Rosetta comet Comet 67P/Churyumov-Gerasimenko reveals more weirdness

With only less than a week to go before it enters into orbit with Comet 76P/Churyumov-Gerasimenko, the European Space Agency's Rosetta spacecraft reveals more photos that provide a closer view of the comet's odd-shaped, two-lobed nucleus.

The images, which were taken by Rosetta's Optical, Spectroscopic, and Infrared Remote Imaging System (OSIRIS), were taken with a resolution of 300 feet per pixel and confirms what earlier images have shown. From a distance, Comet 67P looks like a "rubber duckie," with a bigger body and a smaller head, but the resemblance diminishes as Rosetta closes in. The newest and most intriguing discovery to date is a bright ring that emanates from the link between the two lobes. Scientists believe this bright "neck" indicates that something interesting could be taking place in the link between the comet's lobes.

"The only thing we know for sure at this point is that this neck region appears brighter compared to the head and body of the nucleus," says Holger Sierks of Germany's Max Planck Institute for Solar System Research and OSIRIS principal investigator.

One possible explanation for the strikingly bright neck is that the area could have a different surface composition. It could also have a variation in the size of dust and ice grains covering the surface. Topographical effects could also account for the peculiar feature.

Astronomer and author of Death from the Skies: The Science Behind the End of the World Phil Plait speculates that Comet 67P is the result of one large comet that shattered into pieces after colliding with another object. The combined gravity of the pieces pulled them back together into a bunch of rocks dominated by the two biggest pieces. Plait says the comet's bright neck could be a low-gravity area where rocks, dust and pebbles flow to leave behind the ice that forms a bright ring.

Although Plait says his explanation is pure speculation, it seems to coincide with NASA's findings about Comet 103P/Hartley, which went into rendezvous with the flyby EPOXI mission in 2010. Images from the mission revealed that Comet 103P's smoother-than-usual middle was characterized by a gravitational low where material from the comet is prevented from leaving the gravitational field.

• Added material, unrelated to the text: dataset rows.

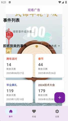 1、添加各类倒计时事件,用户只需简单几步就能记录下这些重要的时刻,确保不会错过每一个值得纪念的日子。
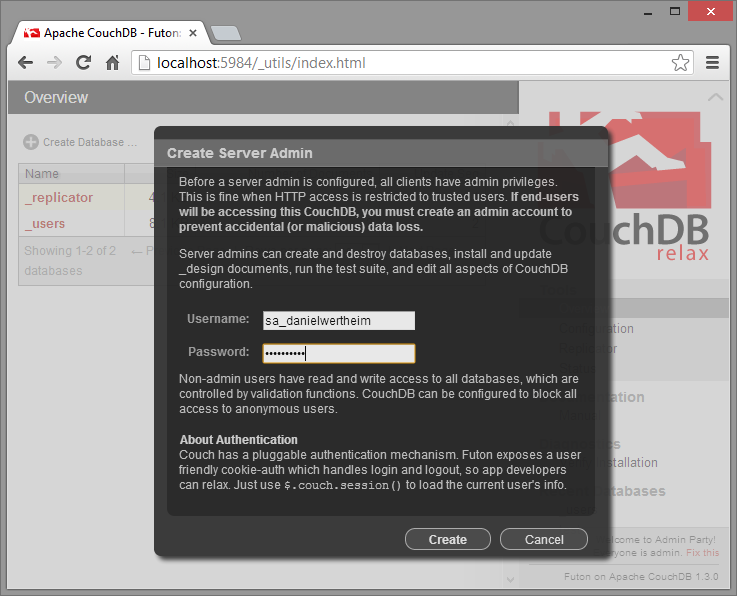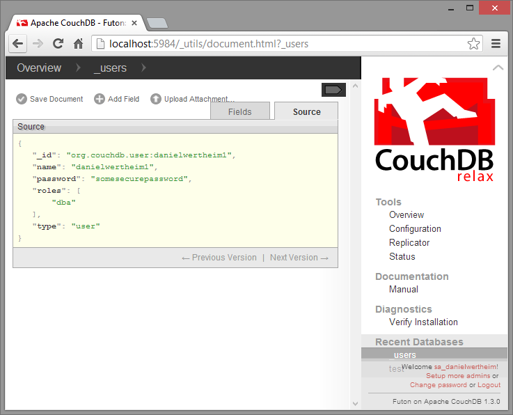 Voila! It’s now secured. But again, you really should look into the link above regarding SSL, since CouchDb uses HTTP as transport protocol, hence credentials will be transmitted unsecured.
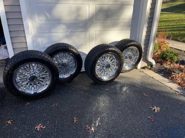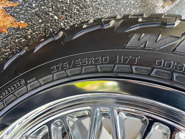 I have a set of Stinger 20x9 6x135/5.5 106 18 Chrome Custom Wheels with 275/55R20XL 117T Falken Wildpeak A/T 3W Tires for sale. I purchased them for my 2019 Ram 1500. I just traded in my truck without these custom wheels.
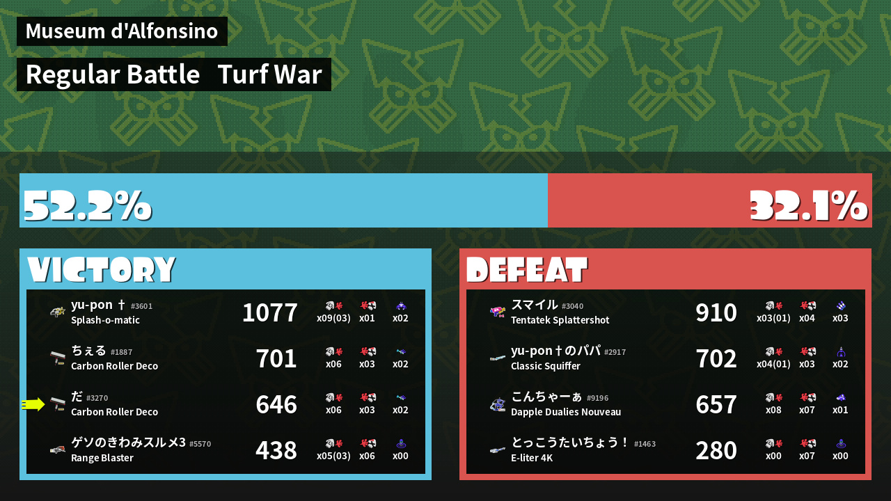 | Mode | Turf War - Regular Battle | ||
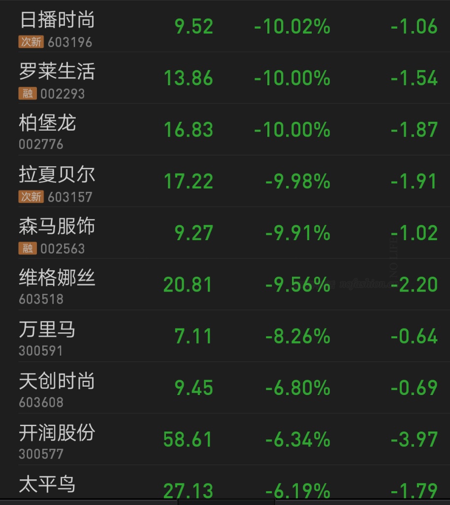 另外,森马服饰(002563.SZ)、维格娜丝(603518.SS)周二亦几乎跌停;跌幅超过8%的还包括次新股万里马(300591.SZ)、三夫户外(002780.SZ);九牧王、七匹狼、汇洁股份、朗姿股份、星期六、天创时尚等个股跌幅介于4-8%。
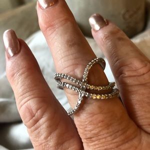 The design of this ring is really different it’s a crisscross pattern ....Size 8 silver with CZ’s
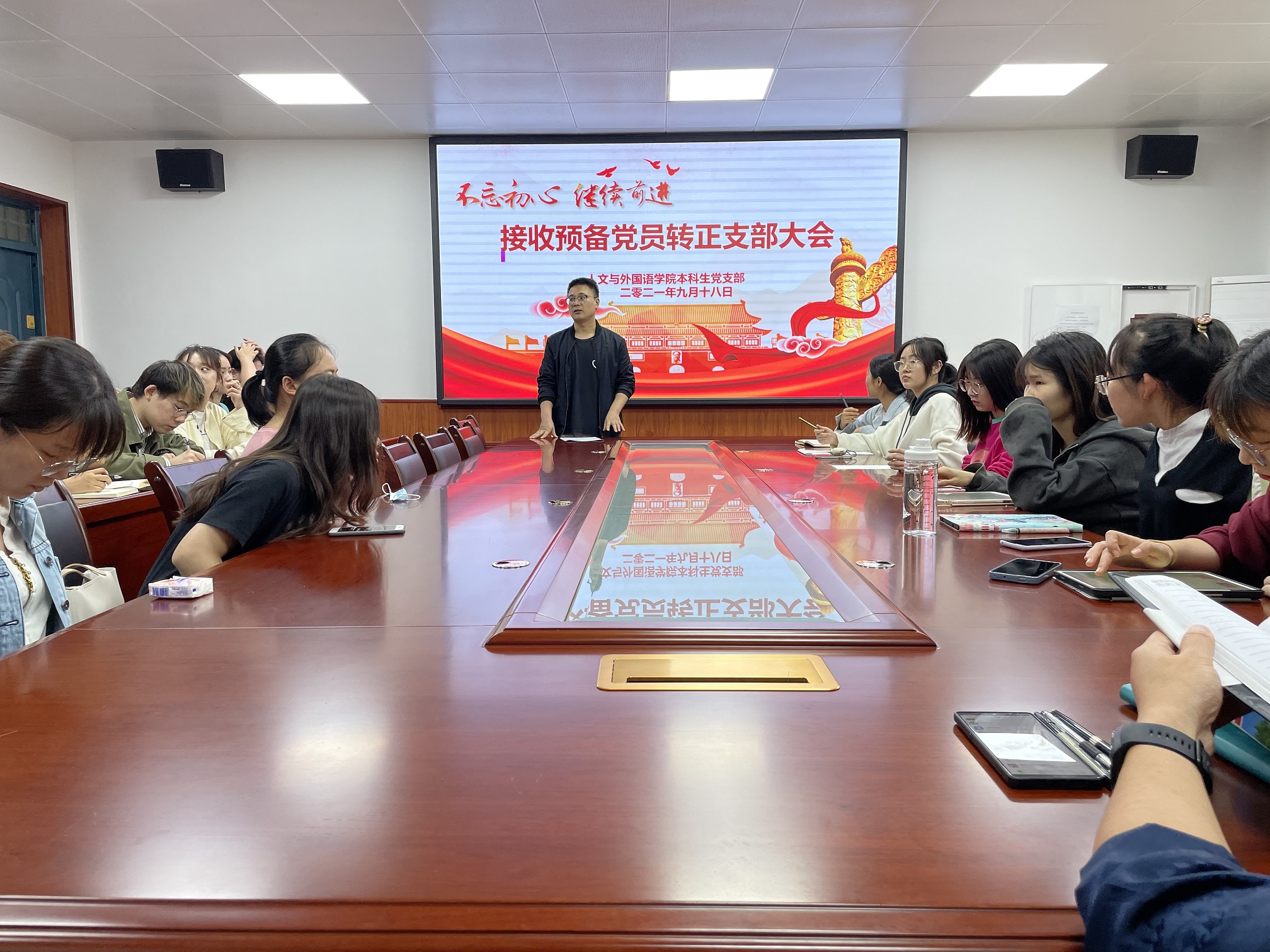 9月18日上午,球王会体育官方网站本科生党支部于二教226会议室召开接收预备党员转正支部大会。院党委副书记张振中及党支部全体成员参加了此次会议,本次会议由学院本科生党支部书记李银亮主持。会上,李亮亮、石海廷、韦雪、黄运鹏四位同志就自身的学习、生活和工作等方面的情况做了陈述。随后,樊杰杰同志传达了党组织意见,同意四位同志成为正式党员。接着其他各位同志依次发言,谈了四位同志在学习、生活等多各个方面的情况。 接收工作结束后,张振中对支部成员做出了殷切的期望:“作为人文学院的学子,要做一个既优雅高贵又温暖四方的人,作为一名学生党员,则更要成为一个为人民服务的人。”
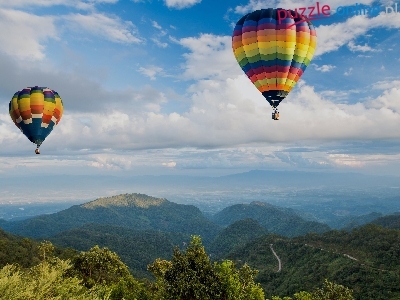 Puzzle Niebo, Krajobraz, Góry, Balony
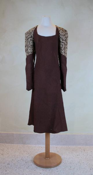 Abito princesse lungo al polpaccio, in crespo goffrato marrone, con ricami a macchina sulla parte alta delle maniche, con applicazione di cordoncino in seta avorio e filo dorato, che descrive rami tipo corallo e fitte semicorolle spiraliformi. L'abito è modellato mediante inserti sbiechi sul davanti e diversi sul dietro e leggermente svasato al fondo. Scollo quadrato sul davanti e a V sul dietro; maniche a raglan, lunghe a coprire la mano, larghe in alto e aderenti dal gomito al polso. Sulle cuciture laterali passanti in filo subito sotto il punto vita per cintura ora perduta.
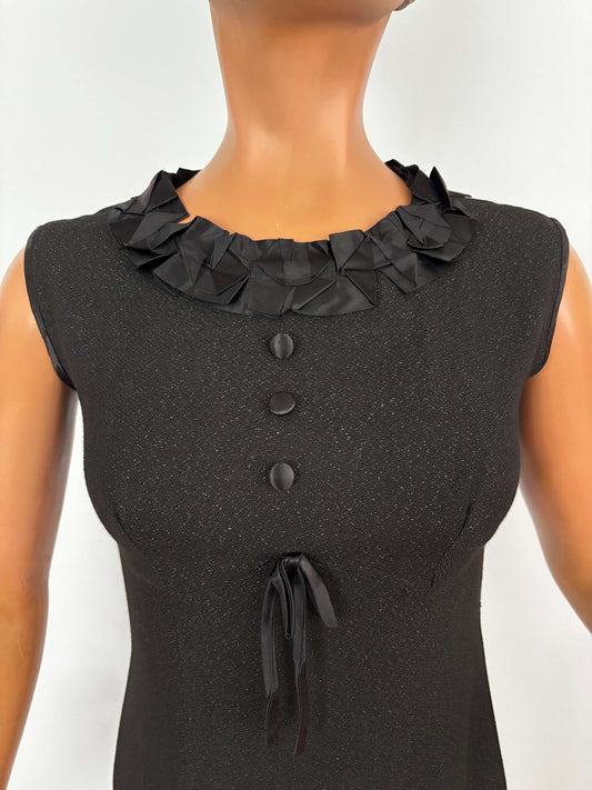 S | 1960s Little Black Lurex Dress With Satin Trim
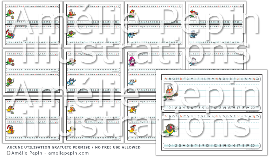 Chaque étiquette contient les lettres de l'alphabet avec les voyelles écrites en rouge, un trottoir pour écrire le prénom de l'enfant ainsi que les nombres de 0 à 20. La version PowerPoint vous permet d'écrire le nom de l'enfant à l'ordinateur (il n'y a pas de trottoir dans cette version). Assurez-vous d'avoir le logiciel Microsoft PowerPoint installé sur votre ordinateur pour ouvrir cette version.
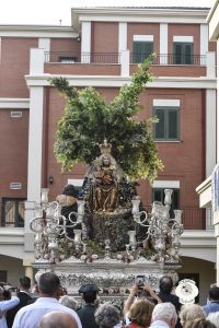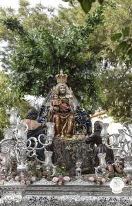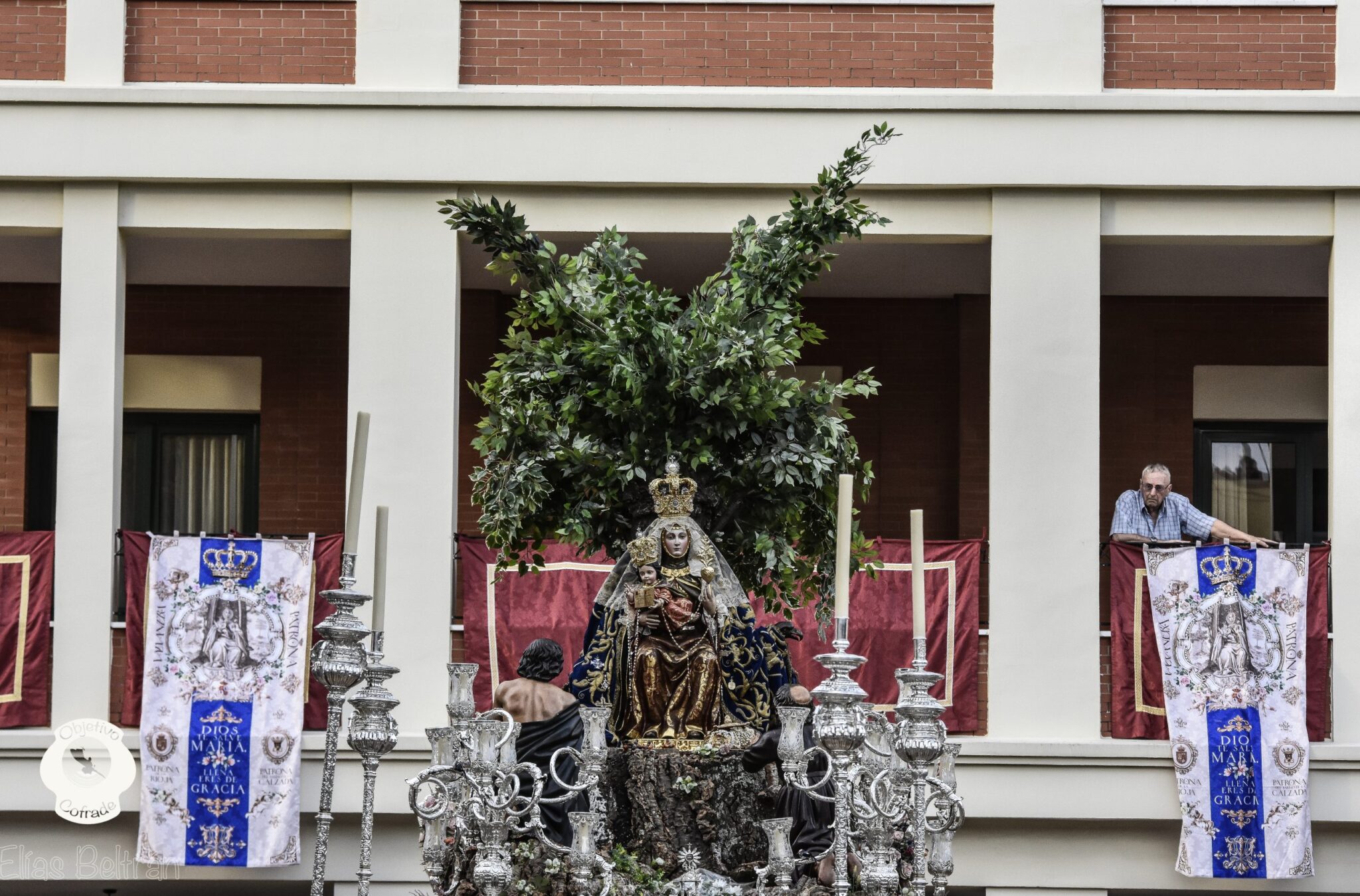 A las 18:15 horas, las puertas del templo se abrieron para dar paso a la imagen, que fue llevada magistralmente por el capataz Juan Manuel Martín Núñez, quien un año más estuvo al frente del paso. Lo acompañaron sus auxiliares, manteniendo la solemnidad y el carácter tradicional de esta procesión. Como viene siendo habitual desde 2014, la asociación filarmónica cultural Santa María de las Nieves de Olivares puso la banda sonora a la procesión, celebrando con ello diez años de acompañamiento musical a la Virgen.
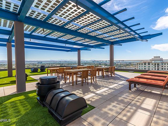 Very clean unit. Floor-to-ceiling windows greet you at this recently updated, upscale Optima Biltmore condo! NEW ROOFTOP POOL/SPA coming in March! Enjoy the light/bright, spacious great room with room to relax/dine. Updated kitchen w/ new quartz counters, counter seating, gas cooktop. Updated LED lighting. Open-air patio for al-fresco dining/relaxing. Incredible rooftop amenities w/ panoramic views, BBQ stations and room to socialize. Other amenities include community center w/ large patio overlooking courtyard, fitness center, concierge. Central location, walking distance to Biltmore Fashion Park, Lifetime Fitness, top restaurants and easy commute/airport access. Large foyer offers extra closet and room for a desk or seating. Secure parking w/storage locker. Move-in ready!

Of course, not much can be done but wait for Rosetta to close the 2,000-kilometer gap between it and Comet 67P and link up with the four-kilometer comet in its journey around the sun, before its Philae lander touches down on the surface of the comet in November.

By this time next week, Rosetta will be 100 kilometers away from the surface of Comet 67P's nucleus and the first image from OSIRIS' detailed mapping of the comet will be available on August 6.

Rosetta is the first mission to rendezvous with a comet, travel with it around the sun and eject a lander on its surface.